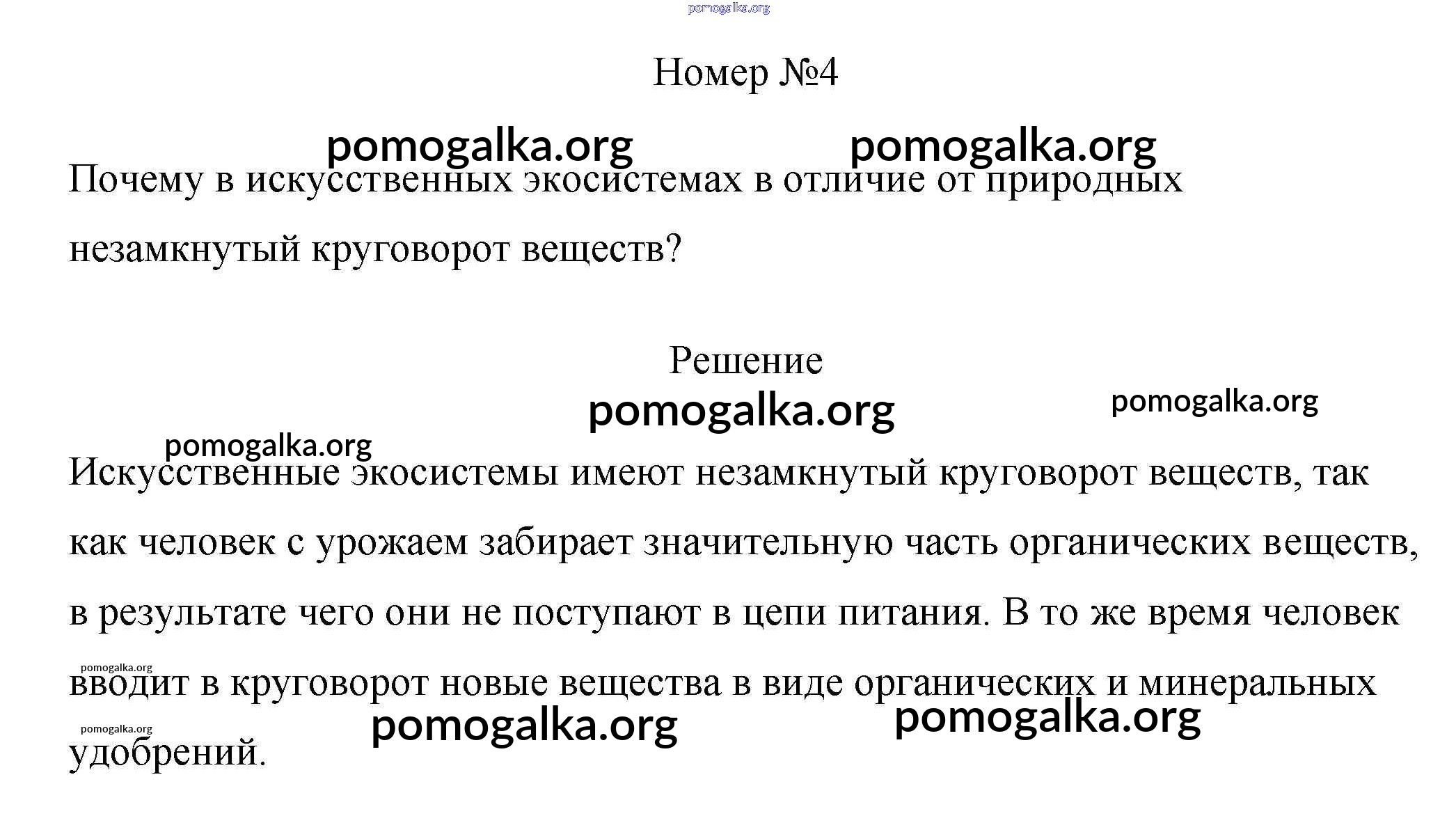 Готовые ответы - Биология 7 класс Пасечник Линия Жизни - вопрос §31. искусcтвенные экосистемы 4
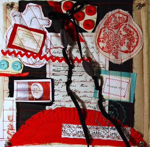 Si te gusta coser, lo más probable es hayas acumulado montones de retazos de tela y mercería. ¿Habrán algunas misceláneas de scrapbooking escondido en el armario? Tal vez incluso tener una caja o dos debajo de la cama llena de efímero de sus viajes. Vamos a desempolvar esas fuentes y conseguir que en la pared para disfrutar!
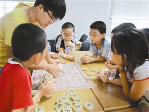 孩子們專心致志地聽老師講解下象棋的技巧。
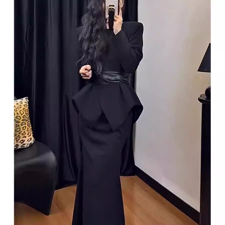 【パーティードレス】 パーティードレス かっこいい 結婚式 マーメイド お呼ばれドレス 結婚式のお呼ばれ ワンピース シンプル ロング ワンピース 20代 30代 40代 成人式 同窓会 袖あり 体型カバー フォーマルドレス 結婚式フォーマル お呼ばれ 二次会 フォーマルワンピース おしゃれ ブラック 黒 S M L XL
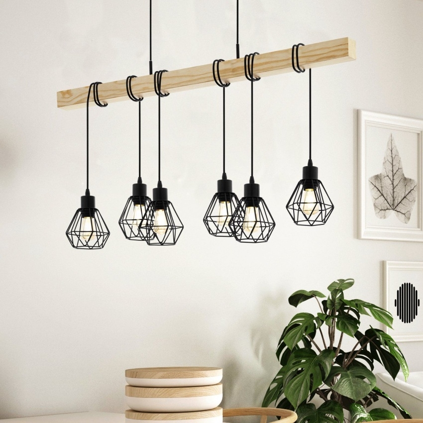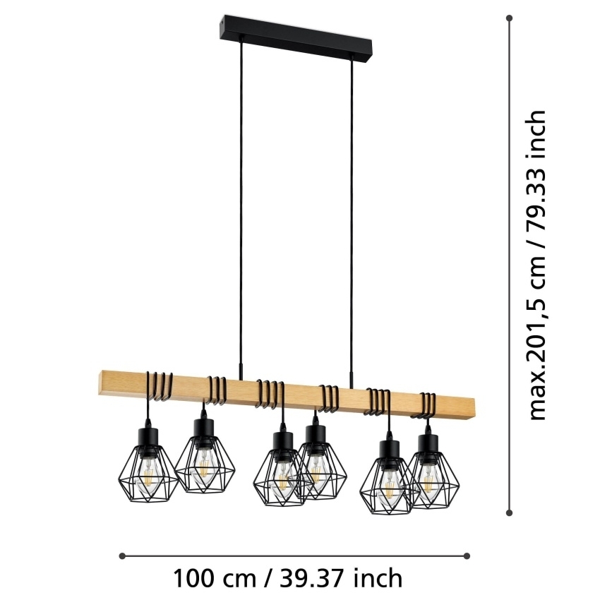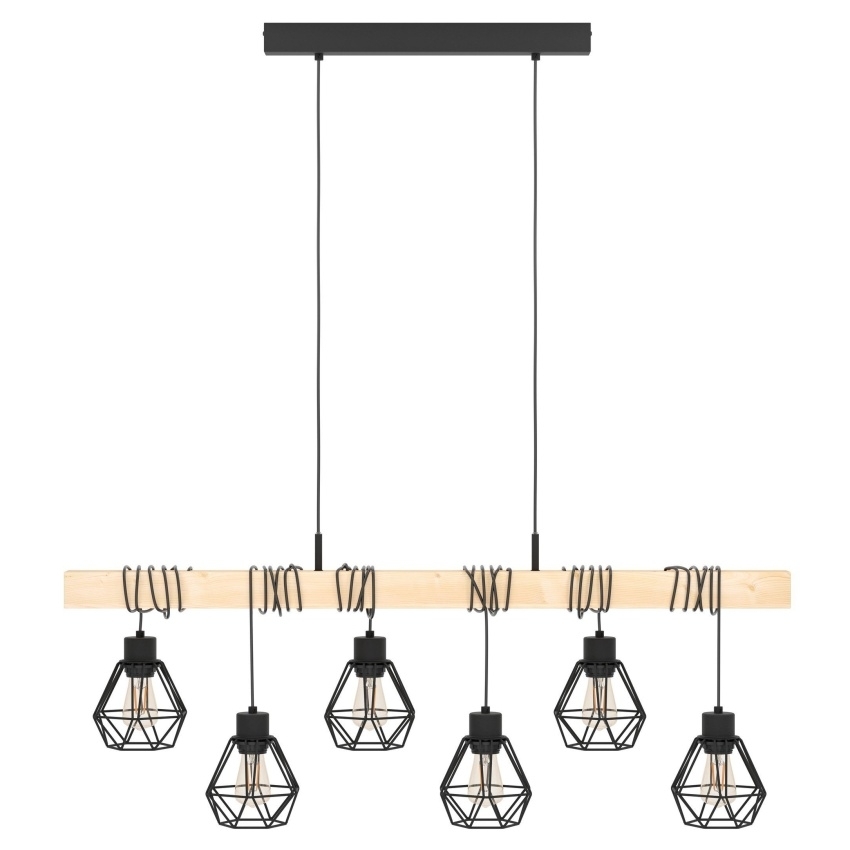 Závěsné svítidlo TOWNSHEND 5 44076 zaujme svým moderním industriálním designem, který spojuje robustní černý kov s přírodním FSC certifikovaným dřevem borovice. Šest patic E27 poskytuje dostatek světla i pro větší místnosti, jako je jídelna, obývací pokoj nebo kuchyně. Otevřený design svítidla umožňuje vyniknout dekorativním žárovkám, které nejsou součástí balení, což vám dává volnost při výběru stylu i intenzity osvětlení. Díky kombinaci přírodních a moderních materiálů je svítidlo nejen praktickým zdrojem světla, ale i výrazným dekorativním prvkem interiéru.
· · ·
▶ _What the task asks_:
Transcribe all of the records exactly, without reproducing their pictures.

▶ _Task output_:
 Готовые ответы - Биология 7 класс Пасечник Линия Жизни - вопрос §31. искусcтвенные экосистемы 4
 Si te gusta coser, lo más probable es hayas acumulado montones de retazos de tela y mercería. ¿Habrán algunas misceláneas de scrapbooking escondido en el armario? Tal vez incluso tener una caja o dos debajo de la cama llena de efímero de sus viajes. Vamos a desempolvar esas fuentes y conseguir que en la pared para disfrutar!
 孩子們專心致志地聽老師講解下象棋的技巧。
 【パーティードレス】 パーティードレス かっこいい 結婚式 マーメイド お呼ばれドレス 結婚式のお呼ばれ ワンピース シンプル ロング ワンピース 20代 30代 40代 成人式 同窓会 袖あり 体型カバー フォーマルドレス 結婚式フォーマル お呼ばれ 二次会 フォーマルワンピース おしゃれ ブラック 黒 S M L XL
 Závěsné svítidlo TOWNSHEND 5 44076 zaujme svým moderním industriálním designem, který spojuje robustní černý kov s přírodním FSC certifikovaným dřevem borovice. Šest patic E27 poskytuje dostatek světla i pro větší místnosti, jako je jídelna, obývací pokoj nebo kuchyně. Otevřený design svítidla umožňuje vyniknout dekorativním žárovkám, které nejsou součástí balení, což vám dává volnost při výběru stylu i intenzity osvětlení. Díky kombinaci přírodních a moderních materiálů je svítidlo nejen praktickým zdrojem světla, ale i výrazným dekorativním prvkem interiéru.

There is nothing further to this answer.